───── Data for processing ─────

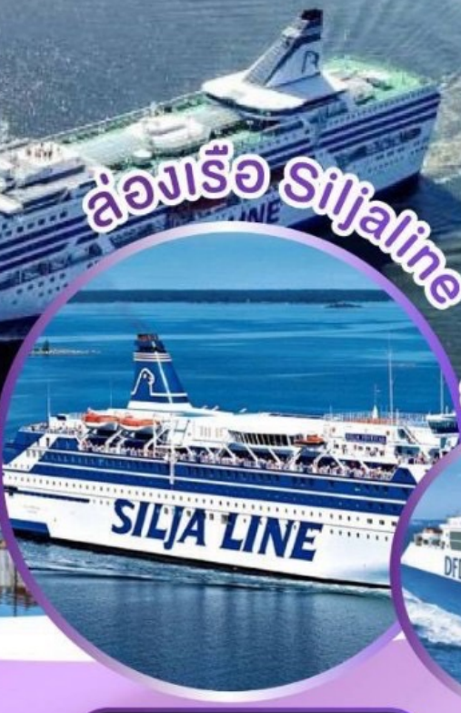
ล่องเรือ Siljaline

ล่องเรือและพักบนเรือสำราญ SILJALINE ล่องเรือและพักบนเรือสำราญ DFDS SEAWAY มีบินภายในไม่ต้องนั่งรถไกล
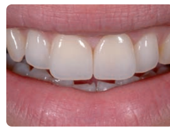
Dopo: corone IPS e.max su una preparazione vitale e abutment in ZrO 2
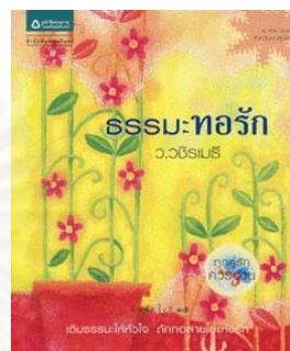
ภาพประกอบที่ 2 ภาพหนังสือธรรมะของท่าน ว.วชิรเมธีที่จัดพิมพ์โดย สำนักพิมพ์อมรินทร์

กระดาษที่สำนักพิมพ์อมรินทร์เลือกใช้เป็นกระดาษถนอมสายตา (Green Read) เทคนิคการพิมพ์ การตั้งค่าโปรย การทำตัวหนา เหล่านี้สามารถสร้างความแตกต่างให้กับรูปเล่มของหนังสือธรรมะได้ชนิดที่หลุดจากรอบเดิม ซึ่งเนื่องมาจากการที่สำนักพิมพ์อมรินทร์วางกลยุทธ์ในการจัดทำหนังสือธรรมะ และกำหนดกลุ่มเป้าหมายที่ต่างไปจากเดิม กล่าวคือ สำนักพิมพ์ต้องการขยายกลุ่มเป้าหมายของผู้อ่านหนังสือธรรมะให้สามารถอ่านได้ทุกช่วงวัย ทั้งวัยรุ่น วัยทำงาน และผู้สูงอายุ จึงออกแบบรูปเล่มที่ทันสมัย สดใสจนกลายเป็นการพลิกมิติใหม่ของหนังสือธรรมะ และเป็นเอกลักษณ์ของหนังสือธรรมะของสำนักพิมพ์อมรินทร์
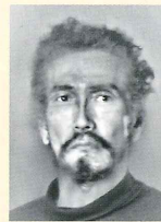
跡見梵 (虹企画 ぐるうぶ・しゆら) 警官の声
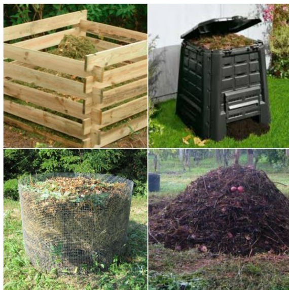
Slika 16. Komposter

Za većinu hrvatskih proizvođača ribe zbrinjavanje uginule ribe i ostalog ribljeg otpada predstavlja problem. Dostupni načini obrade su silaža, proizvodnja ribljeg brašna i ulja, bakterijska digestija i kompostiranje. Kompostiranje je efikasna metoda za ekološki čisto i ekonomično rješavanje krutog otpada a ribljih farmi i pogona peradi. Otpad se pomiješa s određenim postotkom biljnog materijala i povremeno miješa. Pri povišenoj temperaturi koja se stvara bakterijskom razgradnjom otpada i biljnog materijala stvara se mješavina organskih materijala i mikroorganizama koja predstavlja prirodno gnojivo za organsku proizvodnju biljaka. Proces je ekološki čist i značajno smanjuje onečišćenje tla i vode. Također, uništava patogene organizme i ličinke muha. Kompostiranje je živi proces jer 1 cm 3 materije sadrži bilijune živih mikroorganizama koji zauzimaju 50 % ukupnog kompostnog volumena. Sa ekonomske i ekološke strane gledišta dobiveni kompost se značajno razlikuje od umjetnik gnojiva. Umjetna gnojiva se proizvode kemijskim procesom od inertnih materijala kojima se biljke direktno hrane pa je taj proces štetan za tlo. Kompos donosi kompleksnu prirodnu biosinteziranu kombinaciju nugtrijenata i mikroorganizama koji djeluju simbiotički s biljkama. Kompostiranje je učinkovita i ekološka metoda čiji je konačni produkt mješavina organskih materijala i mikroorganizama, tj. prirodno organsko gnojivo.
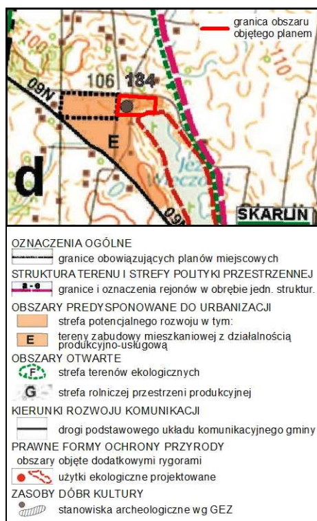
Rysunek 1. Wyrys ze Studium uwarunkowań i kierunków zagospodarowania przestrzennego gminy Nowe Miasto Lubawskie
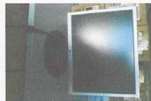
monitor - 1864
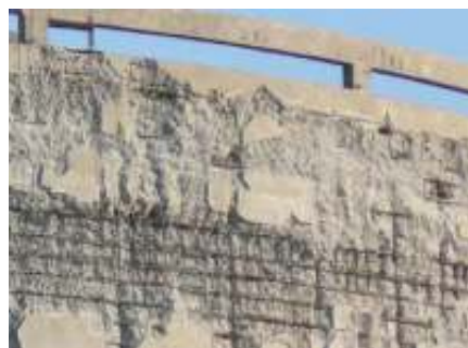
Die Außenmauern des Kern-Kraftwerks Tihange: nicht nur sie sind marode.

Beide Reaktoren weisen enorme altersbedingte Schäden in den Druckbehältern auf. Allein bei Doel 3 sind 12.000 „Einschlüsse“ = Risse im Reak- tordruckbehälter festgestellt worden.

─────

**What you are asked to do:**
Print once more, exactly, the lines from the one with "Za većinu hrvatskih" through the last line of the data, both ends included, without any pictures.

**Output of the exercise:**
Za većinu hrvatskih proizvođača ribe zbrinjavanje uginule ribe i ostalog ribljeg otpada predstavlja problem. Dostupni načini obrade su silaža, proizvodnja ribljeg brašna i ulja, bakterijska digestija i kompostiranje. Kompostiranje je efikasna metoda za ekološki čisto i ekonomično rješavanje krutog otpada a ribljih farmi i pogona peradi. Otpad se pomiješa s određenim postotkom biljnog materijala i povremeno miješa. Pri povišenoj temperaturi koja se stvara bakterijskom razgradnjom otpada i biljnog materijala stvara se mješavina organskih materijala i mikroorganizama koja predstavlja prirodno gnojivo za organsku proizvodnju biljaka. Proces je ekološki čist i značajno smanjuje onečišćenje tla i vode. Također, uništava patogene organizme i ličinke muha. Kompostiranje je živi proces jer 1 cm 3 materije sadrži bilijune živih mikroorganizama koji zauzimaju 50 % ukupnog kompostnog volumena. Sa ekonomske i ekološke strane gledišta dobiveni kompost se značajno razlikuje od umjetnik gnojiva. Umjetna gnojiva se proizvode kemijskim procesom od inertnih materijala kojima se biljke direktno hrane pa je taj proces štetan za tlo. Kompos donosi kompleksnu prirodnu biosinteziranu kombinaciju nugtrijenata i mikroorganizama koji djeluju simbiotički s biljkama. Kompostiranje je učinkovita i ekološka metoda čiji je konačni produkt mješavina organskih materijala i mikroorganizama, tj. prirodno organsko gnojivo.
Rysunek 1. Wyrys ze Studium uwarunkowań i kierunków zagospodarowania przestrzennego gminy Nowe Miasto Lubawskie
monitor - 1864
Die Außenmauern des Kern-Kraftwerks Tihange: nicht nur sie sind marode.

Beide Reaktoren weisen enorme altersbedingte Schäden in den Druckbehältern auf. Allein bei Doel 3 sind 12.000 „Einschlüsse“ = Risse im Reak- tordruckbehälter festgestellt worden.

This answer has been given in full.